- [ACTIVITY]:
All pictures are to be skipped; retype only the lines from the top of the entries through the line with "These Australia themed", both included.

### DATA SECTION

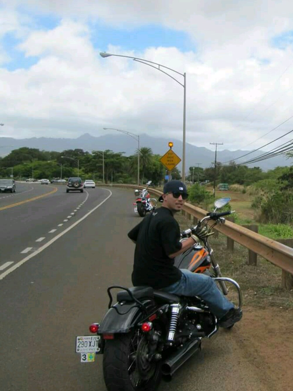 オアフ島1周したときの記念の写真🚲 HARLEY-DAVIDSON FXDWG 1584cc デザインがハーレーらしくてカッコいいマシンでした🎵
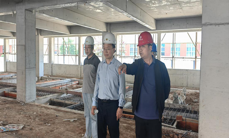 在五龙校区新学生宿舍楼施工现场,王金胜要求相关部门和责任人要在保证工程质量和安全的基础上,加快进度确保2024级新生开学入住。
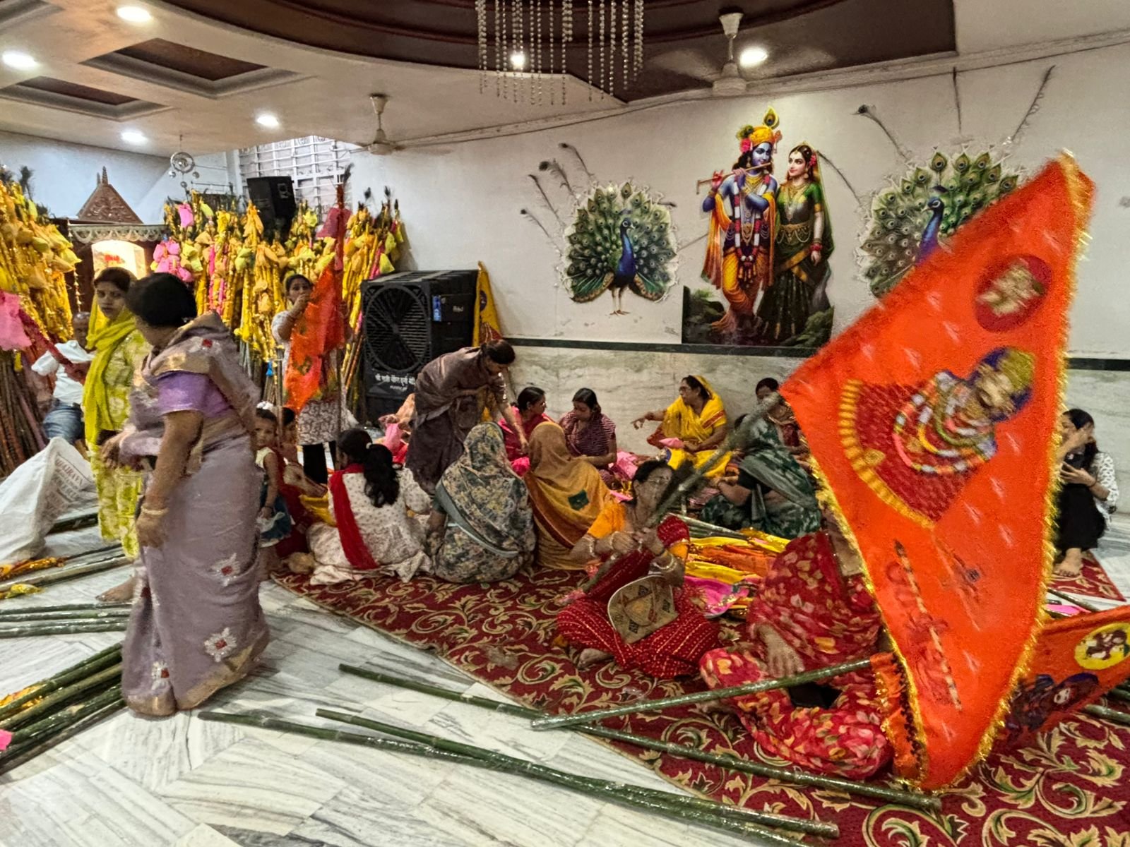 पिछले एक सप्ताह से दुर्गा मंदिर में महिलाएं एवं युवा मिलकर अपने हाथों से तैयार बाबा का निशान तैयार कर रहे है निशान में बाबा का ध्वज, नारियल मोर पंख मोली धागा जैसी विभिन्न सामग्री से एक निशान तैयार हो रहा है सभी के द्वारा ग्यारह सौ से अधिक निशान को तैयारी की गई है,
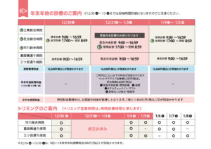 年末年始の診療のご案内
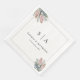These Australia themed paper wedding napkins feature an elegant design of green eucalyptus and pastel pink wattle, bringing a touch of botanical greenery to your event. Easy to personalise with custom text to make your wedding decor unique. These napkins offer a stylish addition to your table setting.
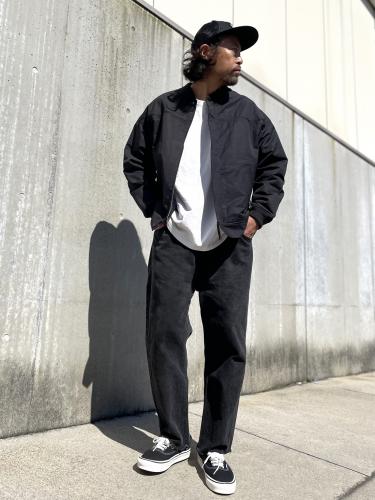 デザインの特徴と言えるキャップショルダーの肩の切り替えのパターンを調整し着用時にスッキリしたラインに、ルーズフィットのシルエットは、当時のXLサイズをベースに袖丈と着丈を調整しおさまりの良いボックスシルエットに仕上げてあります。

######

- [ANSWER SECTION]:
 オアフ島1周したときの記念の写真🚲 HARLEY-DAVIDSON FXDWG 1584cc デザインがハーレーらしくてカッコいいマシンでした🎵
 在五龙校区新学生宿舍楼施工现场,王金胜要求相关部门和责任人要在保证工程质量和安全的基础上,加快进度确保2024级新生开学入住。
 पिछले एक सप्ताह से दुर्गा मंदिर में महिलाएं एवं युवा मिलकर अपने हाथों से तैयार बाबा का निशान तैयार कर रहे है निशान में बाबा का ध्वज, नारियल मोर पंख मोली धागा जैसी विभिन्न सामग्री से एक निशान तैयार हो रहा है सभी के द्वारा ग्यारह सौ से अधिक निशान को तैयारी की गई है,
 年末年始の診療のご案内
These Australia themed paper wedding napkins feature an elegant design of green eucalyptus and pastel pink wattle, bringing a touch of botanical greenery to your event. Easy to personalise with custom text to make your wedding decor unique. These napkins offer a stylish addition to your table setting.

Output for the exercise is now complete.